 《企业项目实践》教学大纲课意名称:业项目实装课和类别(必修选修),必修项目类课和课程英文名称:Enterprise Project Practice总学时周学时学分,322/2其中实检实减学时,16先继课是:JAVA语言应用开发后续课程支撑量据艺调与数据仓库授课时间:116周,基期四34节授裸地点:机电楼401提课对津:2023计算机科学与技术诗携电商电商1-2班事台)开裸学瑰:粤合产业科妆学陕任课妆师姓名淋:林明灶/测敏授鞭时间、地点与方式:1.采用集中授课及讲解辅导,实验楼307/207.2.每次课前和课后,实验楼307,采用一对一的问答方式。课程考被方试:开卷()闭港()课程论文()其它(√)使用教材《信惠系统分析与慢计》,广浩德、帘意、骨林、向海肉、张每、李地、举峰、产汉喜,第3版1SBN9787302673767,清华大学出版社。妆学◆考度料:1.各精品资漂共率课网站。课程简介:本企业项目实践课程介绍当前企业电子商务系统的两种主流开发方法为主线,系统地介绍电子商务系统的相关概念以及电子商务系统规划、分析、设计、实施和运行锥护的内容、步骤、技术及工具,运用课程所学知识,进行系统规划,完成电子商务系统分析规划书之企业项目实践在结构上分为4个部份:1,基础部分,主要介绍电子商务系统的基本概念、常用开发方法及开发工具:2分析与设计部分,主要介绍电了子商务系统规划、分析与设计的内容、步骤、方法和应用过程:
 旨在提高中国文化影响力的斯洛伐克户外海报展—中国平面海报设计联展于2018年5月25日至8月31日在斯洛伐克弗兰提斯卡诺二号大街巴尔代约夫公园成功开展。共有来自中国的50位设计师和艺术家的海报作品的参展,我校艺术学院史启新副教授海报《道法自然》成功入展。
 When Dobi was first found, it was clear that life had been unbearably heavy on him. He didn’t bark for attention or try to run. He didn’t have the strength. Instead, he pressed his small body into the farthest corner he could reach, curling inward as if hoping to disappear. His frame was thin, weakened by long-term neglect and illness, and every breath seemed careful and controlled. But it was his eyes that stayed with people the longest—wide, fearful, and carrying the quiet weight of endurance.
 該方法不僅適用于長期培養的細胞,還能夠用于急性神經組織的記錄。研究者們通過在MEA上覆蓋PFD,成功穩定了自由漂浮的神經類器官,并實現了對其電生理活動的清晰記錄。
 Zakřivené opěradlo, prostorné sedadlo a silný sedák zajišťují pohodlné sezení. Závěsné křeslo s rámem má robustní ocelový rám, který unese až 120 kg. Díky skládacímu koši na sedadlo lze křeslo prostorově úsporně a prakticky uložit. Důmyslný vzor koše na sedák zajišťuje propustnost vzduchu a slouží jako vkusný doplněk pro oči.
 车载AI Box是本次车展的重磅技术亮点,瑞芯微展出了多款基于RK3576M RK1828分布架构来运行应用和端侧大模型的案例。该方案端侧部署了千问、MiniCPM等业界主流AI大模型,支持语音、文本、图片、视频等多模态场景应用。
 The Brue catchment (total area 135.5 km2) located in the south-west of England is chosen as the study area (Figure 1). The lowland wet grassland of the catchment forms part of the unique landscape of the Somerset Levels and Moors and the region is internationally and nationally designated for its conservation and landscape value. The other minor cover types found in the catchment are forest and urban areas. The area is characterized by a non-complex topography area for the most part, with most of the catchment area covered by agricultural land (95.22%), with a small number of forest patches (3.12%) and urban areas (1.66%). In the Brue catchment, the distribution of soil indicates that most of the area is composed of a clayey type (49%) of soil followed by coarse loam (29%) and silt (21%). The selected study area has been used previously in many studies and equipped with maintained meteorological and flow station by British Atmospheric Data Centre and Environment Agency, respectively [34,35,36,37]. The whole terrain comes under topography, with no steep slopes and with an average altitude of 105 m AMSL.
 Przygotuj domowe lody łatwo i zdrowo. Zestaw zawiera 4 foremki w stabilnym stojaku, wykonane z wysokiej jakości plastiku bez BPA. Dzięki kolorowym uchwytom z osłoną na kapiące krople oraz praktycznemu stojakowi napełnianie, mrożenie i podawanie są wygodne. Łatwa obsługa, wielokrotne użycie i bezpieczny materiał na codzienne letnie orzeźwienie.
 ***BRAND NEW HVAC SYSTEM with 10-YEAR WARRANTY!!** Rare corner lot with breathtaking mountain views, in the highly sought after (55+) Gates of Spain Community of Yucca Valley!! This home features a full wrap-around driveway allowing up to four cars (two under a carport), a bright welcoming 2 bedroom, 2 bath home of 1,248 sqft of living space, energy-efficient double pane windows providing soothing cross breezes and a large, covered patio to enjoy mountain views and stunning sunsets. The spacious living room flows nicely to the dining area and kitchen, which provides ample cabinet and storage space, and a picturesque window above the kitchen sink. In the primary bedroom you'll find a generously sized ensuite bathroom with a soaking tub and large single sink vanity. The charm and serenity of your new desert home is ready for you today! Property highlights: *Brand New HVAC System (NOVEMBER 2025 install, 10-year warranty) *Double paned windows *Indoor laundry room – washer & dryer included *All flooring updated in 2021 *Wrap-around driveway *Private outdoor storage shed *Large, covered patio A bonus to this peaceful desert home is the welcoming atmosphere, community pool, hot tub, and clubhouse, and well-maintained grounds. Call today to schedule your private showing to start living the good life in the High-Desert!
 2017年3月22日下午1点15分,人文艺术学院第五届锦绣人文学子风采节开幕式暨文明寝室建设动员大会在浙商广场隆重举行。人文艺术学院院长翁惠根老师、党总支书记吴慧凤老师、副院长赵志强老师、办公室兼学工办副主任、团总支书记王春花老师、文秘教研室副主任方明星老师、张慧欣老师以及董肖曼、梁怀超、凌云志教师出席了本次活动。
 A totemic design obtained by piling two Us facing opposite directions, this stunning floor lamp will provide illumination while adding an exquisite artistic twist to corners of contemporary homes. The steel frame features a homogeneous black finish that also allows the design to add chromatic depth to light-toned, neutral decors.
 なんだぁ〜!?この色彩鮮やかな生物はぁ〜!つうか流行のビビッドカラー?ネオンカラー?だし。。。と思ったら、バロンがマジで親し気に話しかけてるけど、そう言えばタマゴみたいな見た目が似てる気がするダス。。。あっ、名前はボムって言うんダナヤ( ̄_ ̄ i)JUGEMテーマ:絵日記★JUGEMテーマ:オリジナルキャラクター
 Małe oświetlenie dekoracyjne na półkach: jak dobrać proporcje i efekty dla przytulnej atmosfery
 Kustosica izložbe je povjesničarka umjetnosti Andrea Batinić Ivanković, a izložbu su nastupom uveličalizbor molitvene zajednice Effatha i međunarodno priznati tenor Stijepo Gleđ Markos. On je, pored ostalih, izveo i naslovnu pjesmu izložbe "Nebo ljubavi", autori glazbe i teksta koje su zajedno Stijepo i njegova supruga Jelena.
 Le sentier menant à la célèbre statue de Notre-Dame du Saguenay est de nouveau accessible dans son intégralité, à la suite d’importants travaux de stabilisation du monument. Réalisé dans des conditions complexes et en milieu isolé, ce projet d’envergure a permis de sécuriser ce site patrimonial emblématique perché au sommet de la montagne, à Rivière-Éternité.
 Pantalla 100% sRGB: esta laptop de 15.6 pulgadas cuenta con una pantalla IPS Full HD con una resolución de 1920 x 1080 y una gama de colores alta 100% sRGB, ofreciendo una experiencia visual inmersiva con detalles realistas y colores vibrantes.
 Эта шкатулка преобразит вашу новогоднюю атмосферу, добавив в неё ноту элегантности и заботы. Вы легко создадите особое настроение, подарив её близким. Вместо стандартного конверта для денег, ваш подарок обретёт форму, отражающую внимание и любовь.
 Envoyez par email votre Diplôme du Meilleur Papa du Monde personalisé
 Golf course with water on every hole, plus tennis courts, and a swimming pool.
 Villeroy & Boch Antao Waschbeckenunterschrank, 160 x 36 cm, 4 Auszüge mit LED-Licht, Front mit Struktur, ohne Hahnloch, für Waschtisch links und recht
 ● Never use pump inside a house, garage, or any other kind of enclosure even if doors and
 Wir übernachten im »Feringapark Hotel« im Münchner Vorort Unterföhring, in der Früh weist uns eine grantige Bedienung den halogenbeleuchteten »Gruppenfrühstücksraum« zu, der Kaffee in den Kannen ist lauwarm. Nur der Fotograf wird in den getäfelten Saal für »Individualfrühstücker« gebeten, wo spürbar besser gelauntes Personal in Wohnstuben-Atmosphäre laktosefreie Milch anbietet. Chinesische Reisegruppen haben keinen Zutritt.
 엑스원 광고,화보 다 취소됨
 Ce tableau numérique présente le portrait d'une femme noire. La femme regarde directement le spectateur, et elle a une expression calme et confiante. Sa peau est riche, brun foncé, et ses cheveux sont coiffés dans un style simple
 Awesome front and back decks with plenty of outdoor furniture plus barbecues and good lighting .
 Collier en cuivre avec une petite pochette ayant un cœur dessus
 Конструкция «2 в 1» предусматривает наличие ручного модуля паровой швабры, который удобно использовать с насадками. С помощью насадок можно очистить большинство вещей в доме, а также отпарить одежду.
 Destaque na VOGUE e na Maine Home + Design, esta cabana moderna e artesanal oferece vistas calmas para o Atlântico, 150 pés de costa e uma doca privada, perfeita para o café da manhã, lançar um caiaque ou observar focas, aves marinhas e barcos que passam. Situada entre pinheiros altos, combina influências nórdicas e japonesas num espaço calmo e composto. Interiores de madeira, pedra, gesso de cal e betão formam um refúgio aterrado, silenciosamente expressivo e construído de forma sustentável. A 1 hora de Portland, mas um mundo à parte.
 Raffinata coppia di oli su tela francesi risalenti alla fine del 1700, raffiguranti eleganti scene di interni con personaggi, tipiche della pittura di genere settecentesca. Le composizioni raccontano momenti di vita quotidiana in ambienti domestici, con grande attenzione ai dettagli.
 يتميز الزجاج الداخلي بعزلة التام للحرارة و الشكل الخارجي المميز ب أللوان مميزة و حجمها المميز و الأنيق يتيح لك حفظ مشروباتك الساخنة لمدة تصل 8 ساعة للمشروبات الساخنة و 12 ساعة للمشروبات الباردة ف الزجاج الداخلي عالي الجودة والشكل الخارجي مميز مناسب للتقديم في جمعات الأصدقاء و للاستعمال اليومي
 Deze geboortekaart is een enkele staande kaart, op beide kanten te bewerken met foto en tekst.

★ ★ ★ ★ ★

• WORK ORDER:
Taking the listing above as the source, transcribe only the lines starting at the line with "Le sentier menant" and going through the line with "Wir übernachten im", unaltered and with both ends included.

• SOLUTION FOR THIS EXERCISE:
 Le sentier menant à la célèbre statue de Notre-Dame du Saguenay est de nouveau accessible dans son intégralité, à la suite d’importants travaux de stabilisation du monument. Réalisé dans des conditions complexes et en milieu isolé, ce projet d’envergure a permis de sécuriser ce site patrimonial emblématique perché au sommet de la montagne, à Rivière-Éternité.
 Pantalla 100% sRGB: esta laptop de 15.6 pulgadas cuenta con una pantalla IPS Full HD con una resolución de 1920 x 1080 y una gama de colores alta 100% sRGB, ofreciendo una experiencia visual inmersiva con detalles realistas y colores vibrantes.
 Эта шкатулка преобразит вашу новогоднюю атмосферу, добавив в неё ноту элегантности и заботы. Вы легко создадите особое настроение, подарив её близким. Вместо стандартного конверта для денег, ваш подарок обретёт форму, отражающую внимание и любовь.
 Envoyez par email votre Diplôme du Meilleur Papa du Monde personalisé
 Golf course with water on every hole, plus tennis courts, and a swimming pool.
 Villeroy & Boch Antao Waschbeckenunterschrank, 160 x 36 cm, 4 Auszüge mit LED-Licht, Front mit Struktur, ohne Hahnloch, für Waschtisch links und recht
 ● Never use pump inside a house, garage, or any other kind of enclosure even if doors and
 Wir übernachten im »Feringapark Hotel« im Münchner Vorort Unterföhring, in der Früh weist uns eine grantige Bedienung den halogenbeleuchteten »Gruppenfrühstücksraum« zu, der Kaffee in den Kannen ist lauwarm. Nur der Fotograf wird in den getäfelten Saal für »Individualfrühstücker« gebeten, wo spürbar besser gelauntes Personal in Wohnstuben-Atmosphäre laktosefreie Milch anbietet. Chinesische Reisegruppen haben keinen Zutritt.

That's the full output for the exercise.